What you need to do: When you restate the entries that follow, keep every word exactly and drop the pictures.

Exercise materials:
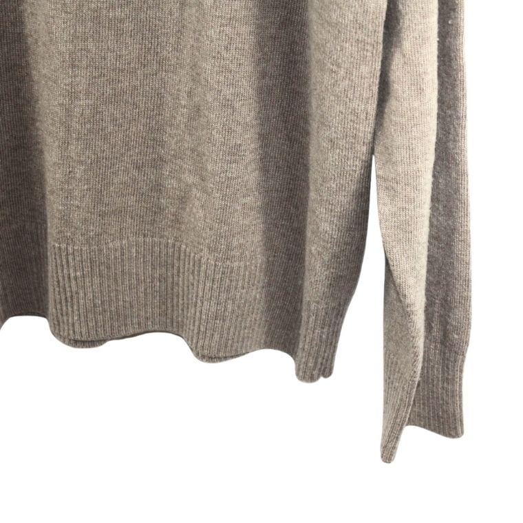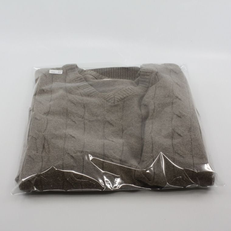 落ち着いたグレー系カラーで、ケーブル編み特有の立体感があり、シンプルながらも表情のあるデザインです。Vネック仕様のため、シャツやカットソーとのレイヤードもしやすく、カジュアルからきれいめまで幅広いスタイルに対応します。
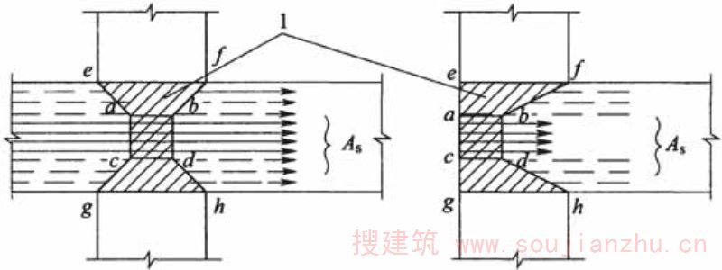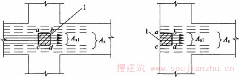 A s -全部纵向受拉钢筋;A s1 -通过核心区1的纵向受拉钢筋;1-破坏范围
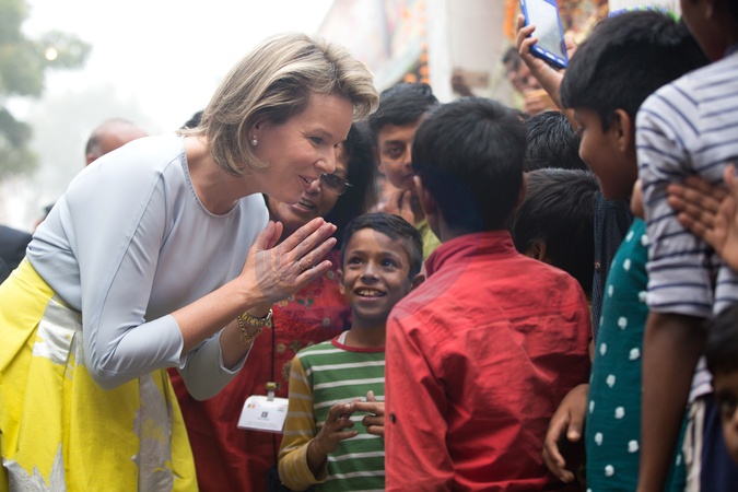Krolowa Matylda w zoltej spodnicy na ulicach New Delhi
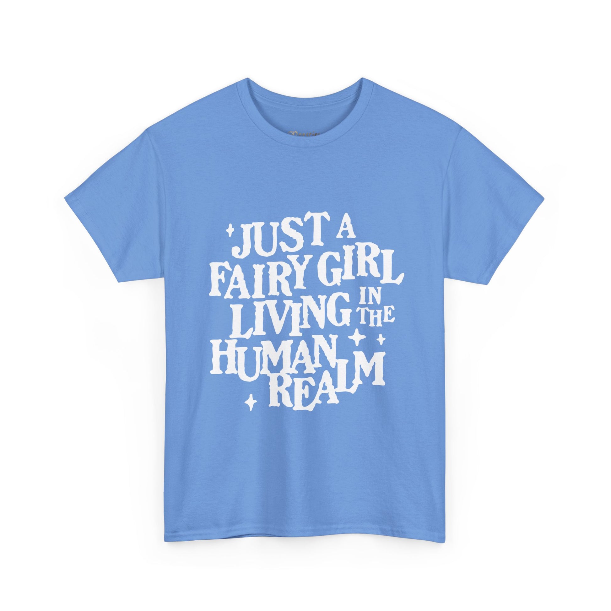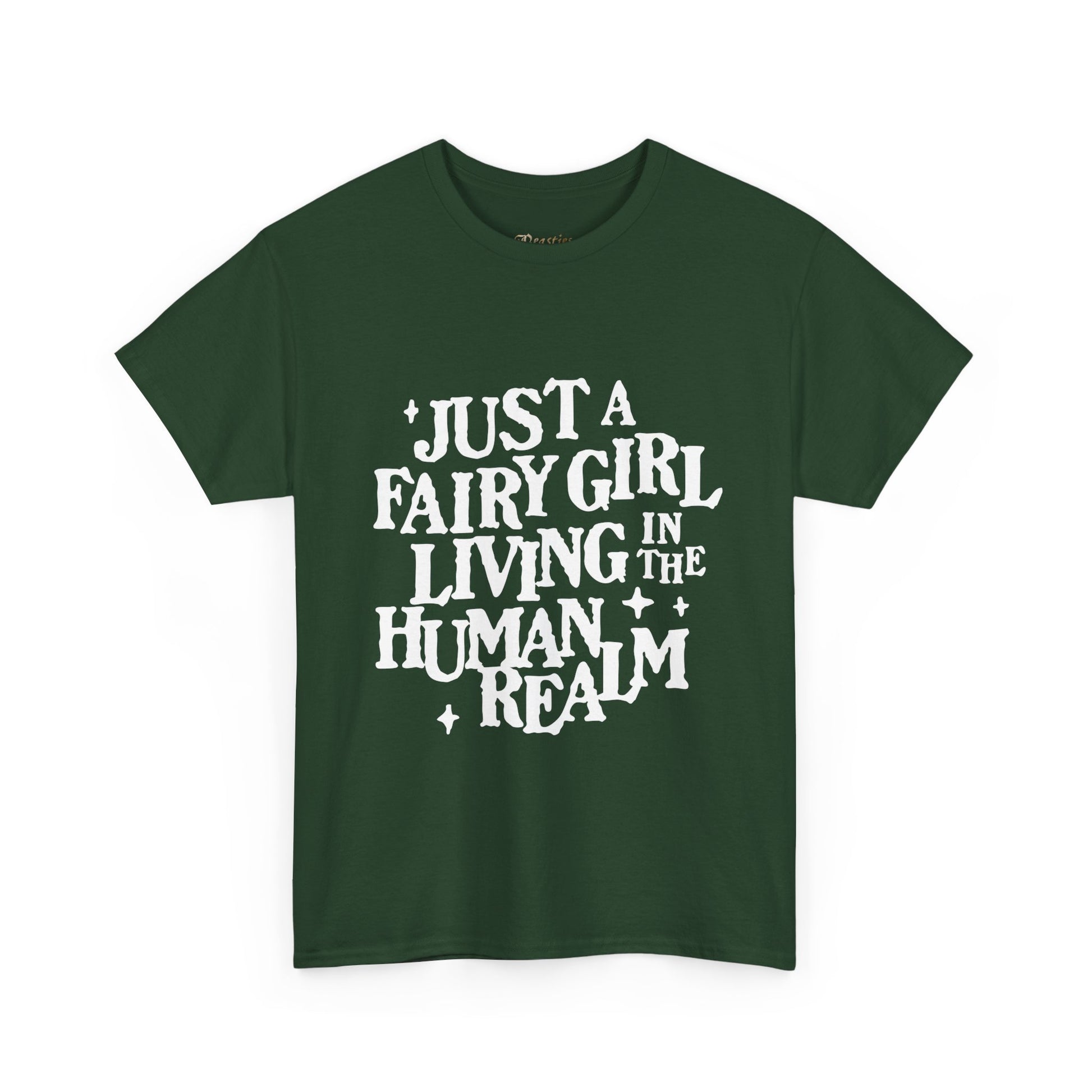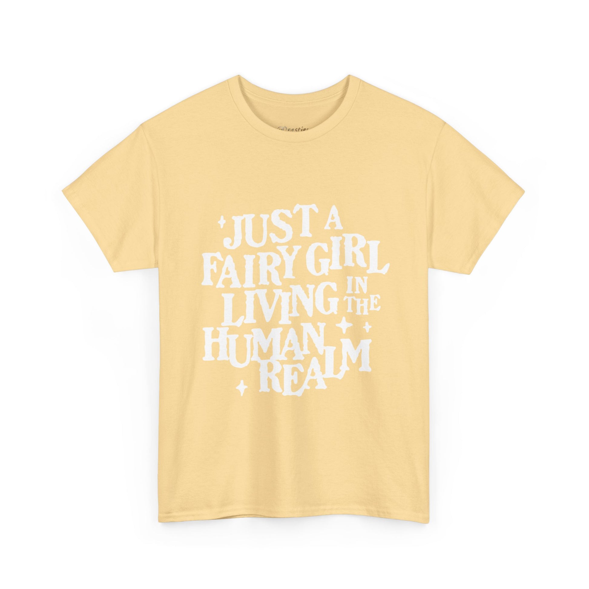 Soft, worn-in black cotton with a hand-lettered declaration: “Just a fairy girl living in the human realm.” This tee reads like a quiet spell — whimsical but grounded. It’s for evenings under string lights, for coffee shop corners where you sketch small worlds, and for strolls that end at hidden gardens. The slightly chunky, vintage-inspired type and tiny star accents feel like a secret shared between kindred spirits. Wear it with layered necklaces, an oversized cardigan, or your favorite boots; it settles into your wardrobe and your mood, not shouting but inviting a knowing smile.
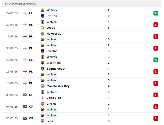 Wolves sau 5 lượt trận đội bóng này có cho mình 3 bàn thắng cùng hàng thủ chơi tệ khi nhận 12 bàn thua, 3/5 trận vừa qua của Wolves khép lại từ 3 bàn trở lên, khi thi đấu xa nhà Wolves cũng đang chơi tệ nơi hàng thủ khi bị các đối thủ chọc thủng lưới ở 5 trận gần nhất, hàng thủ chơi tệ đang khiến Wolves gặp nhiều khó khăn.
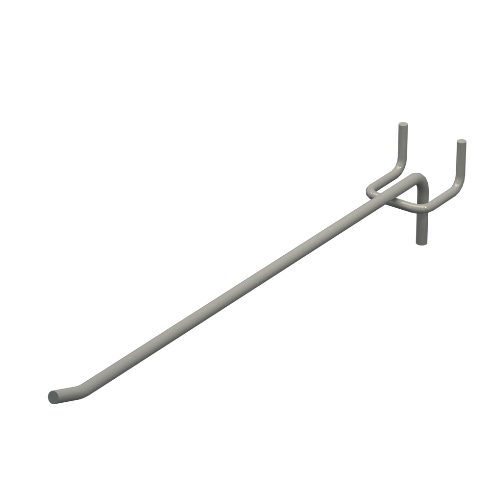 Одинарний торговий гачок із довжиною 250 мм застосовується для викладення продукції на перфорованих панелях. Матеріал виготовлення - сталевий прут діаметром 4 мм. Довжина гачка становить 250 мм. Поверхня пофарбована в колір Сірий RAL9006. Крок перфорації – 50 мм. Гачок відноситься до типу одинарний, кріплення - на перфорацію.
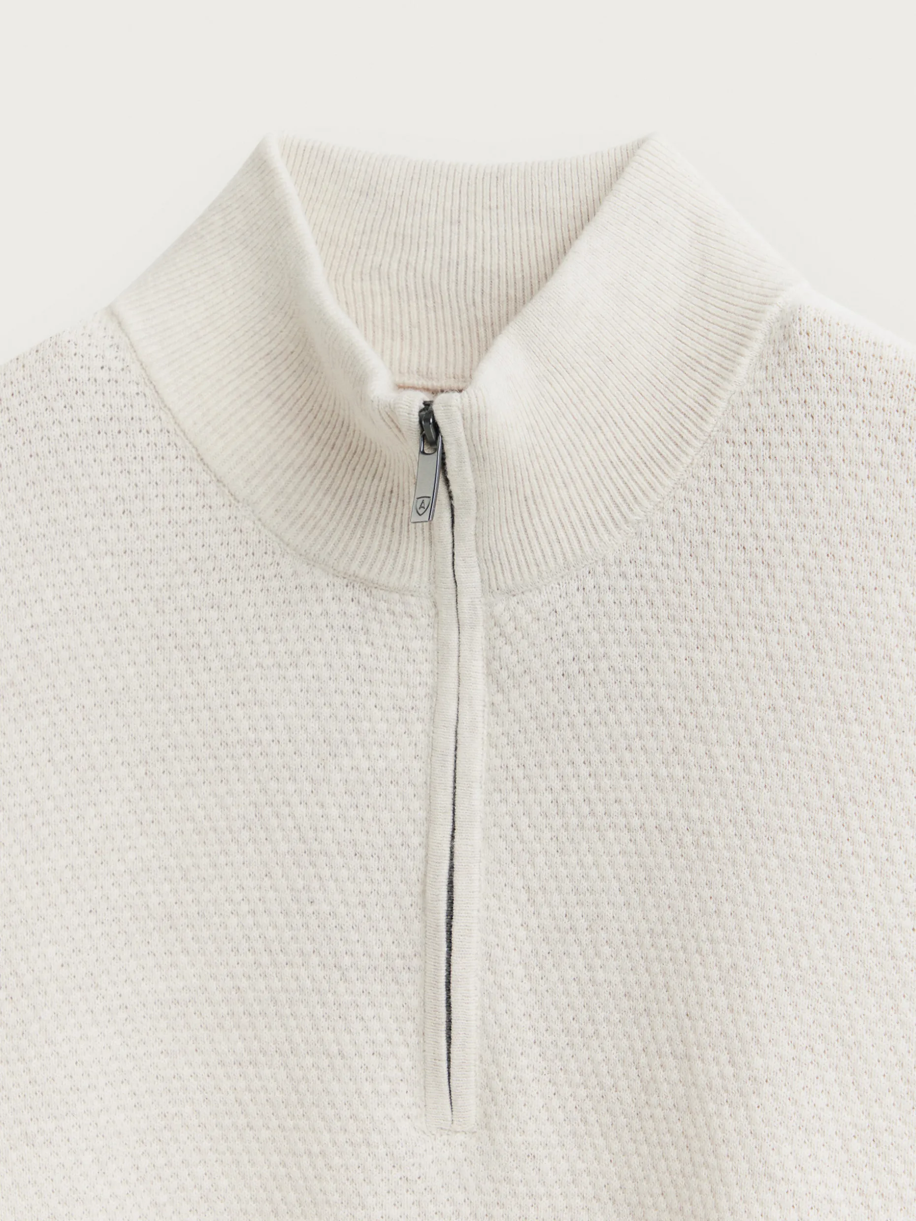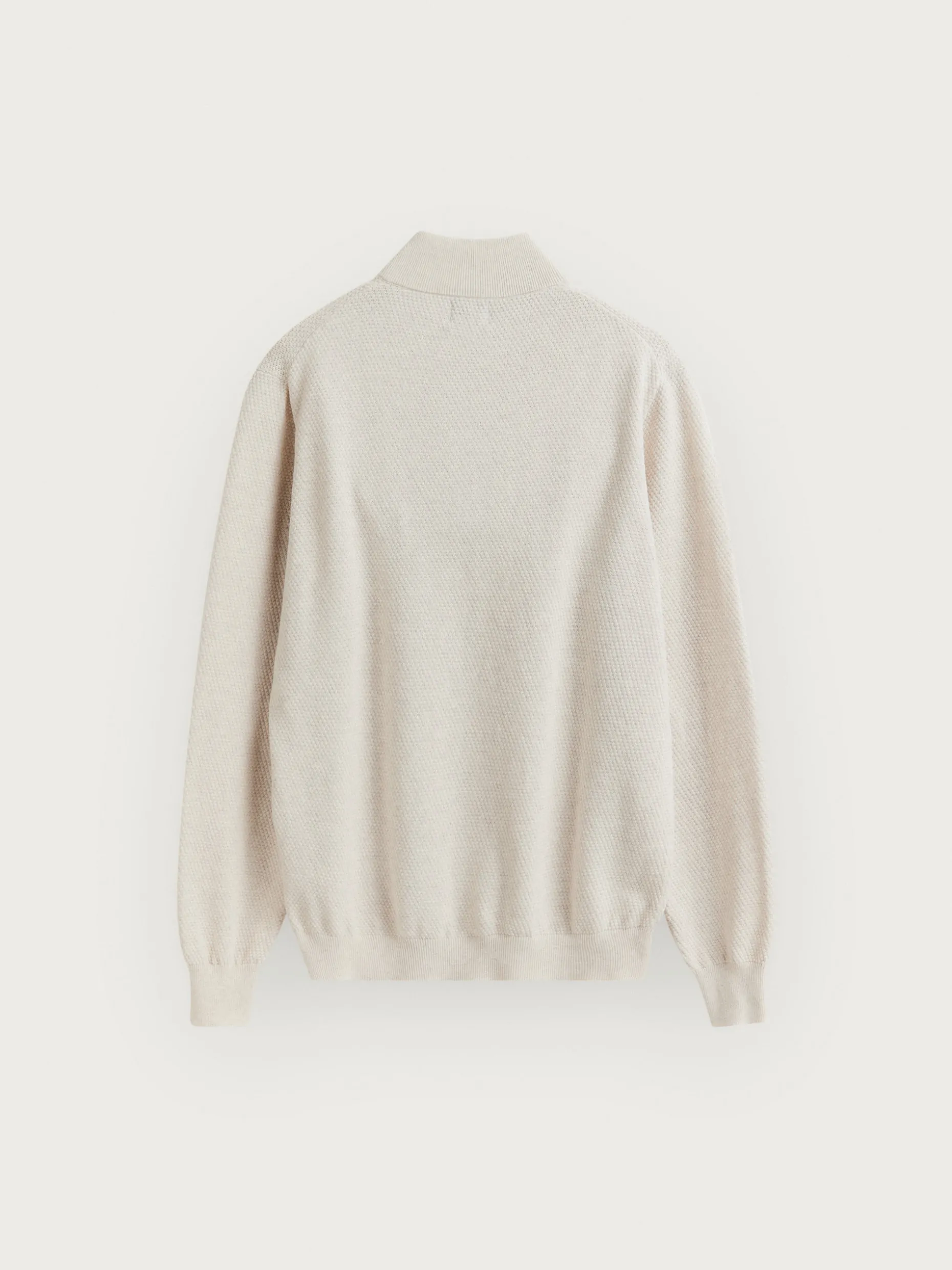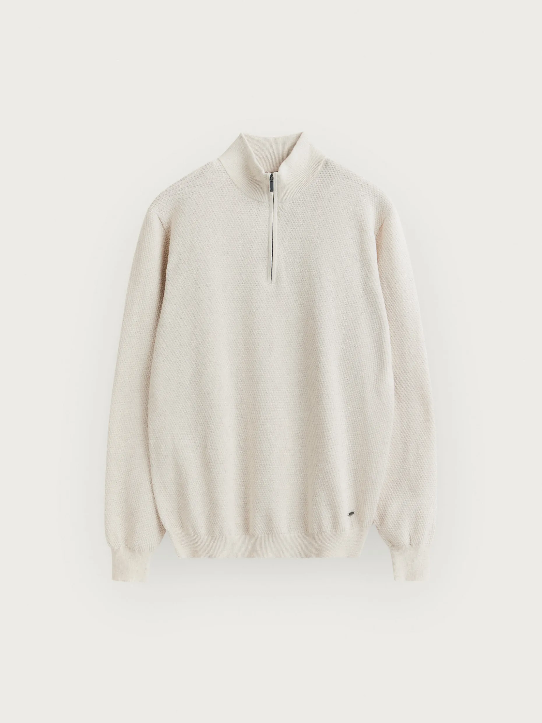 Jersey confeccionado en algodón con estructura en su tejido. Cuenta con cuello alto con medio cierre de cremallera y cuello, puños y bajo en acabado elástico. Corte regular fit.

Response:
 落ち着いたグレー系カラーで、ケーブル編み特有の立体感があり、シンプルながらも表情のあるデザインです。Vネック仕様のため、シャツやカットソーとのレイヤードもしやすく、カジュアルからきれいめまで幅広いスタイルに対応します。
 A s -全部纵向受拉钢筋;A s1 -通过核心区1的纵向受拉钢筋;1-破坏范围
Krolowa Matylda w zoltej spodnicy na ulicach New Delhi
 Soft, worn-in black cotton with a hand-lettered declaration: “Just a fairy girl living in the human realm.” This tee reads like a quiet spell — whimsical but grounded. It’s for evenings under string lights, for coffee shop corners where you sketch small worlds, and for strolls that end at hidden gardens. The slightly chunky, vintage-inspired type and tiny star accents feel like a secret shared between kindred spirits. Wear it with layered necklaces, an oversized cardigan, or your favorite boots; it settles into your wardrobe and your mood, not shouting but inviting a knowing smile.
 Wolves sau 5 lượt trận đội bóng này có cho mình 3 bàn thắng cùng hàng thủ chơi tệ khi nhận 12 bàn thua, 3/5 trận vừa qua của Wolves khép lại từ 3 bàn trở lên, khi thi đấu xa nhà Wolves cũng đang chơi tệ nơi hàng thủ khi bị các đối thủ chọc thủng lưới ở 5 trận gần nhất, hàng thủ chơi tệ đang khiến Wolves gặp nhiều khó khăn.
 Одинарний торговий гачок із довжиною 250 мм застосовується для викладення продукції на перфорованих панелях. Матеріал виготовлення - сталевий прут діаметром 4 мм. Довжина гачка становить 250 мм. Поверхня пофарбована в колір Сірий RAL9006. Крок перфорації – 50 мм. Гачок відноситься до типу одинарний, кріплення - на перфорацію.
 Jersey confeccionado en algodón con estructura en su tejido. Cuenta con cuello alto con medio cierre de cremallera y cuello, puños y bajo en acabado elástico. Corte regular fit.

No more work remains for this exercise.